On an admittedly slow news weekend, there was something about this photograph that tugged at me.
The picture was front page above fold for a story entitled “An Icy Rescue As Seas Claim A Cruise Ship.” An iceberg punched a hole below the waterline, those aboard spent a few hours in lifeboats before being rescued, and the ship eventually went to the bottom of the Antarctic Ocean.
The story is sappy from start to finish. The Explorer was “fondly known in the maritime world as ‘the little red ship,'” as in The Little Engine that Could, perhaps. It closes with a staffer playing the role of the Old Salt who says, “‘She doesn’t want to give up, I can tell you. I still believe that perhaps it is not the last time that we see her.'” Well, maybe someone will try to salvage a 40-year-old single-hulled craft at the bottom of the world, but don’t bet on it.
If you don’t like the yarn, you won’t like the facts. Although named Explorer, the ship is a cruise ship, carrying “modern adventure travelers” for $7,000-$16,000 a pop. To put it bluntly, those on the ship don’t explore anything. Instead, they go on a set route to have preprogrammed experiences. No wonder they were in such “good spirits”after the rescue: the disaster was a genuine novelty, and one that proved to be just as safe as the trip to Shackleton’s grave. I have no doubt that the episode will be good for business.
Given the reasons to be cynical about this soft news story, why does the image take me down a different path? Perhaps because it looks like one of the toy boats powered by baking soda that I played with in the tub long ago. Or it could be the color: lying on its side on the cold ice flow, it resembles an animal bleeding to death in some lonely winter field. Or the name might matter after all: not just this explorer, but exploration is over, and the challenge now is not discovering some new region but rather living amidst natural scarcity. The ship is disappearing, and so are the ice flows around it. Although they are far more important, no one in the story romanticizes their loss.
Let me add something more to the allegory. Roland Barthes once remarked somewhere that the attraction of a cruise ship, which everyone knows is an antique technology, was that it created the sense of living in an autarky, that is, a self-contained, self-sufficient place. That sense of being a world onto itself is an illusion, of course, one similar to the notion that “modern adventure travelers” are exploring the unknown.
Both myths die hard. If the photo is poignant, it may be because we can imagine not just a ship but a civilization going under. That is, if modern civilization is to avoid disaster, it needs more than a double hull or other technological backups. Instead, we have to give up the idea that we are a law onto ourselves, that we can provide adequately and sustain indefinitely without regard to the natural limits and complex dynamics of the rest of the planet.

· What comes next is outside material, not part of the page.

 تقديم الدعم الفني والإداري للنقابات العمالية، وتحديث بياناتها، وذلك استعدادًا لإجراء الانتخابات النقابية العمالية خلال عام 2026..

Photograph from Fuerza Aerea de Chile [Chilean Air Force] via European Presssphoto Agency.
The photo also reveals the intrusiveness of visuality. These tourists pay a premium to witness the environment in all of its pure and/or threatened glory and in order to satisfy their demanding need to see, they litter the ocean floor with their boat. Much like an accident involving news helicopters or car crashes involving papparazzi, a society’s need to bear witness sometimes becomes so intrusive that we leave the visual remainders of our looking and thereby obscure the thing we wanted to see in the first place.

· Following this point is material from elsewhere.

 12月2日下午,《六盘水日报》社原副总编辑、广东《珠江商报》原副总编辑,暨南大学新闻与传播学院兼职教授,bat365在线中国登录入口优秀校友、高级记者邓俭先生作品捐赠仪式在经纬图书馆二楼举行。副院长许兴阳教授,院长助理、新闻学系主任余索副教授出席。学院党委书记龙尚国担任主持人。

Actually, the news story isn’t as soft as the teddy-bear reportage proclaims. While the image is pristine and colorful, one of the things that we don’t see is the full tank of fuel that is now on the bottom of the sea filtering up to the surface and poisoning everything in its wake. That’s a nice bonus for the environmentally conscious tourists, I’m sure. And the red and white is a nice contrast with that desolate gray water, so it’s as though the human presence has kind of “enlivened” the place, lucky polar bears! Just like a children’s book — this is an image that has been made for “innocent” eyes while the adults hide the dark truth below the surface.
Quite a picture. My sense is that the picture, unlike some of the others, “opens” response in a particular way: it displays the tension between nature and culture. The striking artificiality of the bright red “Explorer” stands in stark contrast to the broad expanse of “nature” on which it quite literally rests.
What we are to make of this contrast depends o what we bring with us. All of the responses so far make good sense: we bring destruction and danger, we bring a self-contained social order, we bring stories of adventure and exploration, we experience nature or we observe it–but we don’t make it.
Because the contrast is so stark, perhaps the one thing that this photo does not encourage are ways to mediate the difference. Nature is nature, culture is culture. By re-producing this fundamental divide the picture makes it harder to “see” ways in which Antarctica might be a human production, the boat a fact of nature.